Таперское пианино в кинематографе «Слон», на котором во время сеансов «великого немого» дама в буклях привычно наяривала «Молитву девы» или «Оборванные струны», тянуло его к себе, как матроса земля обетованная, и ради того, чтобы дотронуться до клавиш, мальчик соглашался на все: подметать в зале пол, выносить мусор, помогать киномеханику. Я часто думал о мальчике Соловьеве, бывая дома у Василия Павловича и разглядывая большую фотографию, на которой двое: он и Ван Клиберн играют в четыре руки… Какие разные судьбы! Как бы я ни понимал, что Клиберн тоже прошел через огромный труд, прежде чем стать Клиберном, но все-таки он жил и рос в ином мире и не только духовного достатка: ему было незнакомо подвижничество.

Возможно, люди старшего поколения еще помнят, как из черных «тарелок» — репродукторов по утрам раздавалась бодрая музыка первых уроков гимнастики. Но мало кто знает, что за роялем, к которому был подвинут микрофон, сидел юноша, а то, что он играл, рождалось тут же, во время урока! Никакой записи на пленку тогда не было, и не было нот перед музыкантом — чистая импровизация! Да, к слову сказать, в ту пору Василий Павлович… просто не знал нот! Все со слуха, все откуда-то изнутри, из себя, из своей наполненной рвущимися наружу звуками души. Никто из тех, кто не испытал этого чувства, не может сказать — что же это такое?! Я думаю, скорее всего это восторг перед самой жизнью, а уж потом потребность выразить этот восторг в мелодии.

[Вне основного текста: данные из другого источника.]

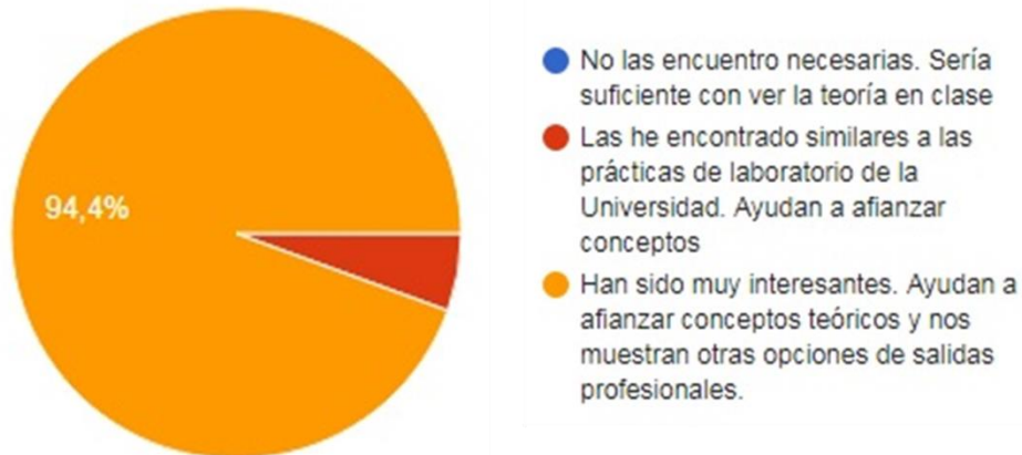
Fig. 3 Resultados valoración de los alumnos sobre el proyecto

Otros resultados a preguntas se muestran a continuación: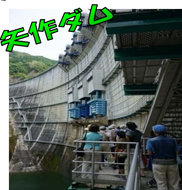
通廊からダムを見上げる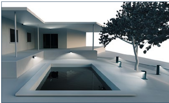
ÉCLAIRAGE RASANT DES AUVENTS, DES CHEMINS PIÉTONNIERS ET DES ABORDS DES BÂTIMENTS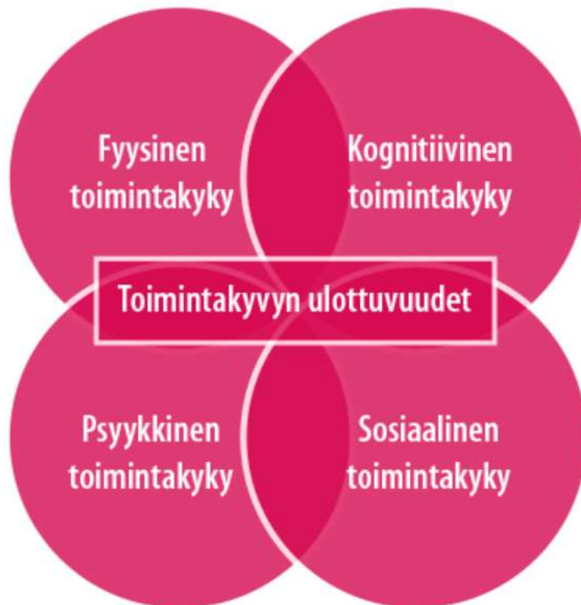
Kuvio 2 Toimintakyvyn ulottuvuudet (Sosped, 2019)

Sosiaalinen toimintakyky on yksi ihmisen toimintakyvyn ulottuvuus. Se liittyy muihin ulottuvuuksiin limittäin, ja ulottuvuudet ovat keskenään päällekkäisiä.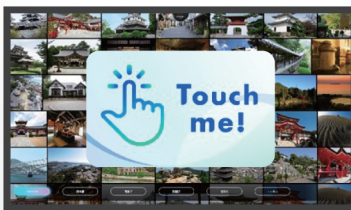
①待機画面 待機画面ではタッチを想起させるアニメーションを表示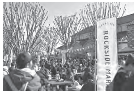
農産物加工品ブランド化 推進事業費決算額 325万円

今後、高根沢町のシンボルとして、どのように発展し、町民からも愛され、沢山の来場者が訪れる施設になるのか、民間経営の手腕に期待しつつ注視していきます。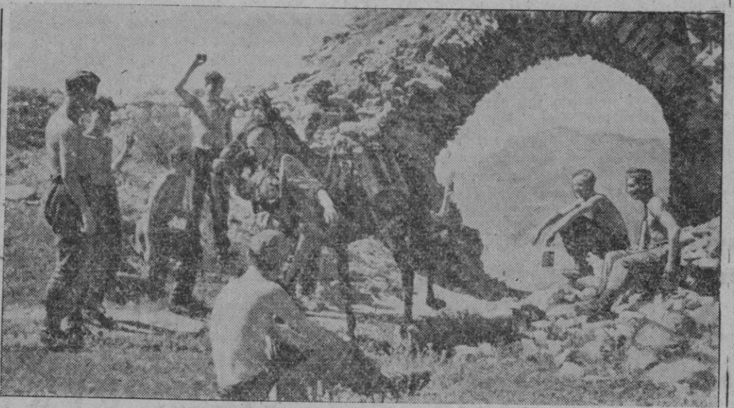
En Albania los mulos son empleados por los soldados alemanes como medio de transporte en el accidentadísimo terreno

efectuar un movimiento más amplio en los Balcanes y; decididamente, se va haciendo tarde para iniciarle.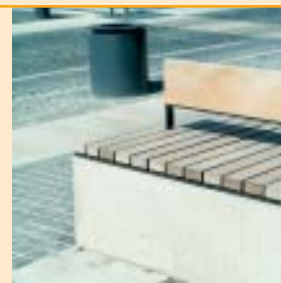
Et kig ned ad Taastrup Hovedgade.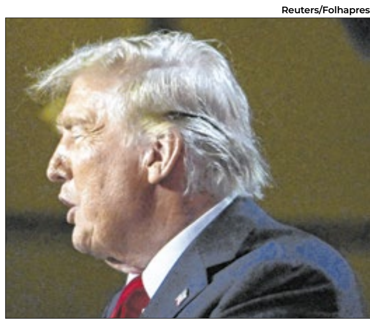
Donald Trump vai cumprir sua promessa de campanha

O republicano já afirmou que o plano de expulsar imigrantes do país será uma de suas prioridades à frente do governo. Ele também indicou que irá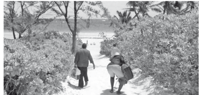
Frauen auf dem Weg zum Strand auf den Bahamas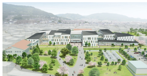
長野県立大学(仮称)イメージ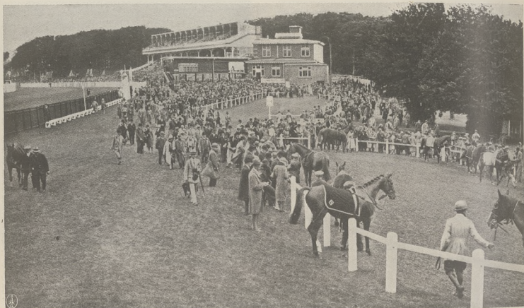
GOODWOOD (Anglja): Na paddocku przed rozgrywką Stewards Cup.

Przebieg wyścigu był następujący: leadery Centaur, Bohun, West Nor West prowadzą, za nimi podąża Herku-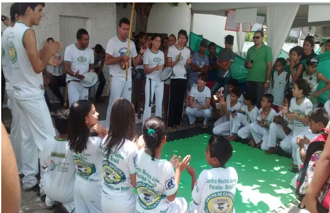
Foto 2- Roda de Capoeira apresentada nas ruas da cidade de Belém- PB, em 2016.

As rodas de capoeira incluíam as mais diversas pessoas, e não era à toa o status que essa atividade ganhava nos espaços sociais do município, o que se deve ao seu leque de inclusão, principalmente o promovido pelo PETI e PROJOVEM (Programa Nacional de Inclusão de Jovens). A capoeira atendia principalmente os jovens e adolescentes em condições de vulnerabilidade social e que moravam nas comunidades de Tribofe, Conjunto e "Favela".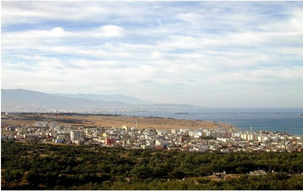
從黎凡特北端向南望

二11 古代近東國家更換神祇的先例 很多國家因為外來的影響，在其諸神系統中增添新神。但隨著時間的變遷，這些神祇的名字會稍有更改。但一國換了他的神在古代近東而言，是完全陌生的概念。這動詞大概有「以貨易貨」的意思。若然，其意思就不獨是更換，而是換取更有價值的事物。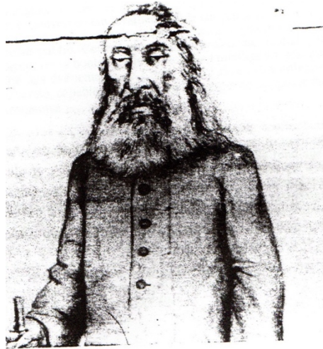
Portrait d'Antoine Maciel, gravure d'époque

À Canudos, Belo Monte, le mythe du Paradis espéré, ou entrevu, va se transfigurer en combat sans merci pour la plus élémentaire justice. Antoine, le Conseiller, et ses partisans sont morts pour leur foi... et pour la reconnaissance de leur dignité humaine.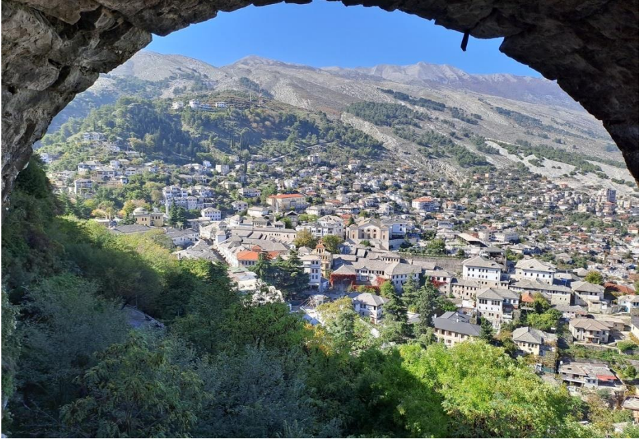
Pohled na městečko Gjirokastra z místního hradu.

Hledáte-li trochu dobrodružství spojenou s příjemnými zážitky s místními, chcete-li se vrátit na chvíli maličko do minulosti, pak je Albánie ta pravá destinace pro vaši příští cestu.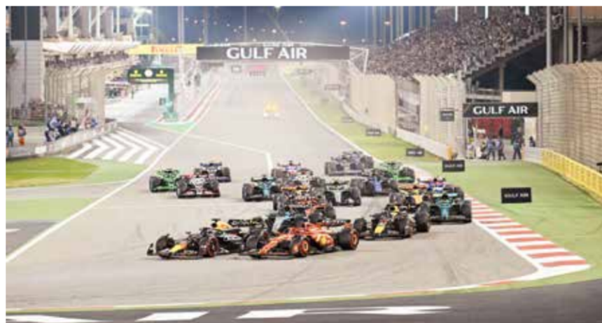
○ عروض مبكرة لحلبة البحرين.

وتعد المنصة الرئيسية ومنصة المنعطف الأول في حلبة البحرين الدولية من المواقع الرئيسية حيث يمكن لمشجعي السباق تجربة أكثر الأحداث إثارة في سباق الجائزة الكبرى. وأسعار التذاكر هي من بين الأكثر معقولة في العالم لمثل هذه المقاعد، ما يمنح الحضور تجربة لا تُنسى في واحدة من أكثر السباقات المرغوبة في الفورمولا وان.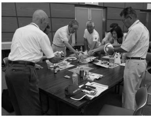
▲ごみ分別体験研修会

推進員活動を行うに当たって有益な知識や手法を身に付けていただくため、さまざまなテーマ・形式で研修会を開催しています。推進員同士の交流や情報交換を図る場にもなりますので、ぜひご参加ください。(適宜、ご案内を郵送いたします)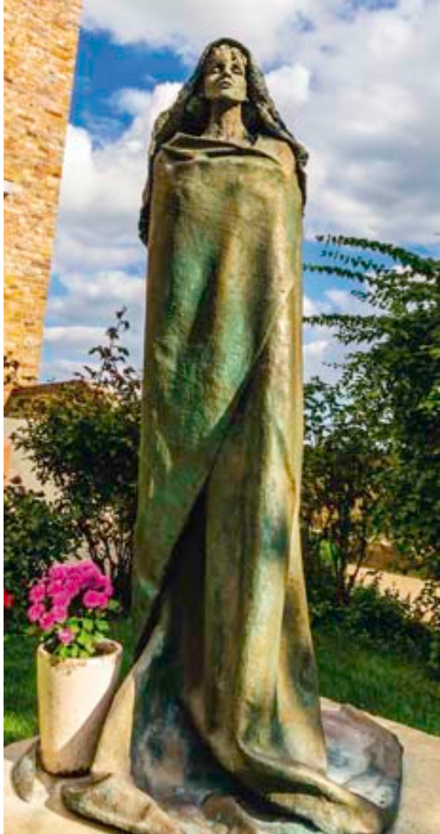
„Wie die sprossende Grüne der Erde will ich wirken.“ Hildegard von Bingen, Scivias

Eines ist gewiss: Wir brauchen Grün zum Atmen und Leben. Wir brauchen Chlorophyll, und wir brauchen lebendige Nahrung. Beides ist in der allgemein üblichen Ernährung eher Mangelware, was zu einem wahren Heißhunger führt, der viel zu oft und viel zu reichlich mit degenerierten Nahrungsmitteln zu stillen versucht wird. Dabei kann es ganz einfach sein: Im grünen Smoothie liegt dir die grüne Kraft des Chlorophylls in einer Form vor, wie sie besser gar nicht vom Körper aufgenommen werden könnte. Wenn du diesen aus frisch gesammelten Pflanzen trinkst, bekommst du eine tolle Fülle an Biotin, Vitaminen und Mineralstoffen.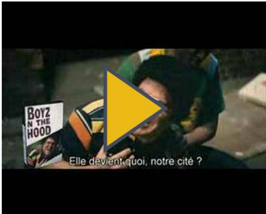
Bande annonce de Soyez sympas, Rembobinez ! ( https://www.youtube.com/watch?v=YEuxX1mVIHY ).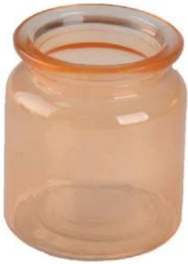
pemegang lilin kaca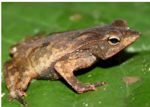
14 Rhinella proboscidea BUFONIDAE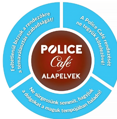
2. ábra: A Police Café alapelvei

Miként a World Café, a Police Café is vannak alapelvei (2. ábra).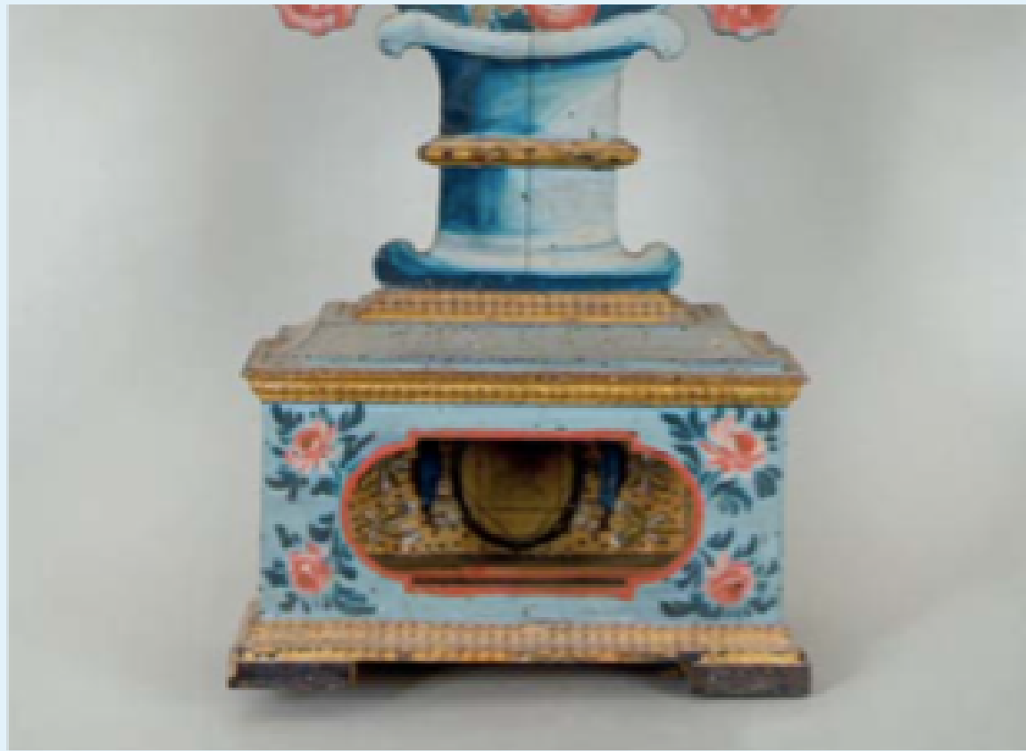
Atelier tridentin, Monstrance-reliquaire, fin du XVIIe siècle, Reliques des saints César martyr et Christine martyre, bois peint et doré, fil d'argent, fil d'or, paillettes, 86 × 31 × 16 cm ; cinq Agnus Dei bénis par Innocent X (1644-1655) et Innocent XI (1676-1689), cire. Balbido, Santa Giustina.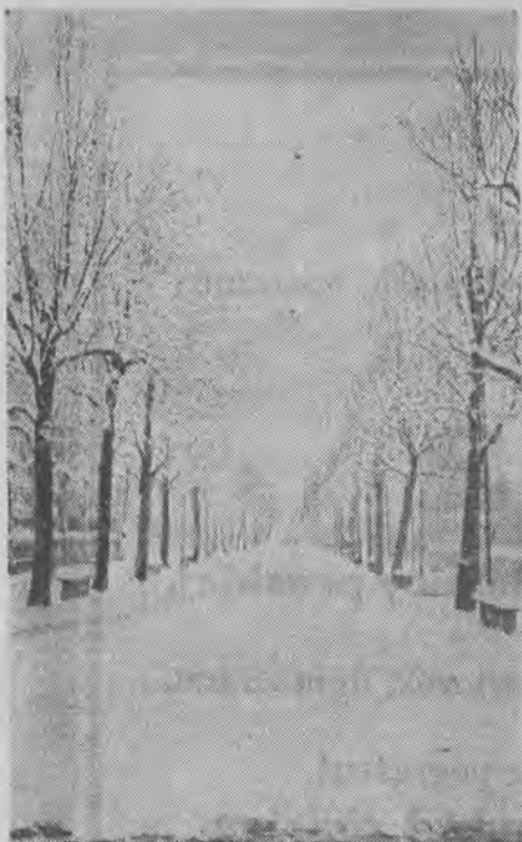
Pięknie wygląda w śnieżnej szacie aleja na pl. Dąbrowskiego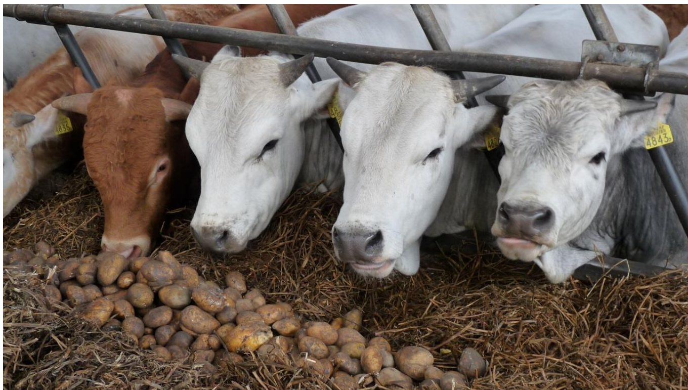
De koeien staan weer op stal – Stadsboerderij Almere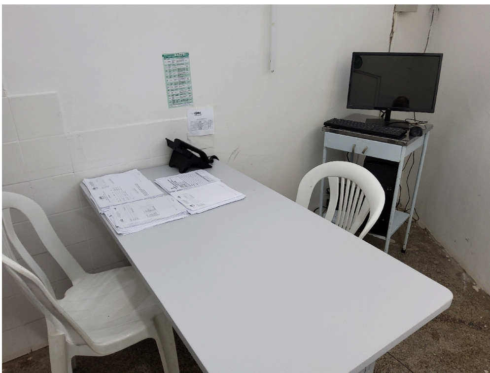
ESTRUTURA DA UNIDADE - Consultório Médico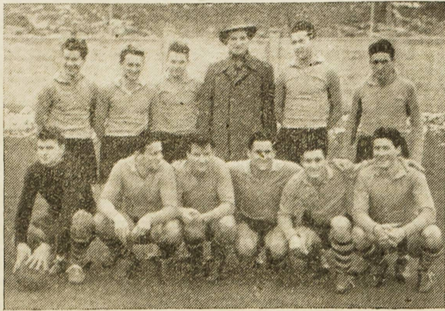
Momčad NK Šibenik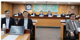
圖5 115年4月8日本會召開「『健康台灣深耕計畫』醫師公會體系標竿分享會議(第一場)」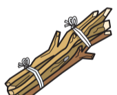
กิ่งไม้ที่ตัด เป็นต้น

ขอให้ใส่ถุงพลาสติกใส หรือ ที่มองเห็นข้างใน

Но это еще и труд, та самая «сладкая каторга», без которой не было бы многих и многих десятков его песен, похожих на волны, выплеснувшиеся из глубин доброго к людям сердца…

* * *

Василий Павлович жаловался, что его всегда подводили драматурги, поэтому судьба его сценических произведений оказывалась менее удачливой. Да, так оно и было — рядом с ним не оказывалось литераторов, которые могли бы равняться с ним талантом.

Не стал исключением и я.

После той прогулки по комаровской улице я засел за либретто оперетты, скорей из острого желания поработать с Василием Павловичем, желания, не лишенного тщеславия, и еще из непонятного мне теперь ухарства, потому что автор нескольких прозаических книг вовсе не обязательно должен уметь написать хоть более или менее сносную пьесу!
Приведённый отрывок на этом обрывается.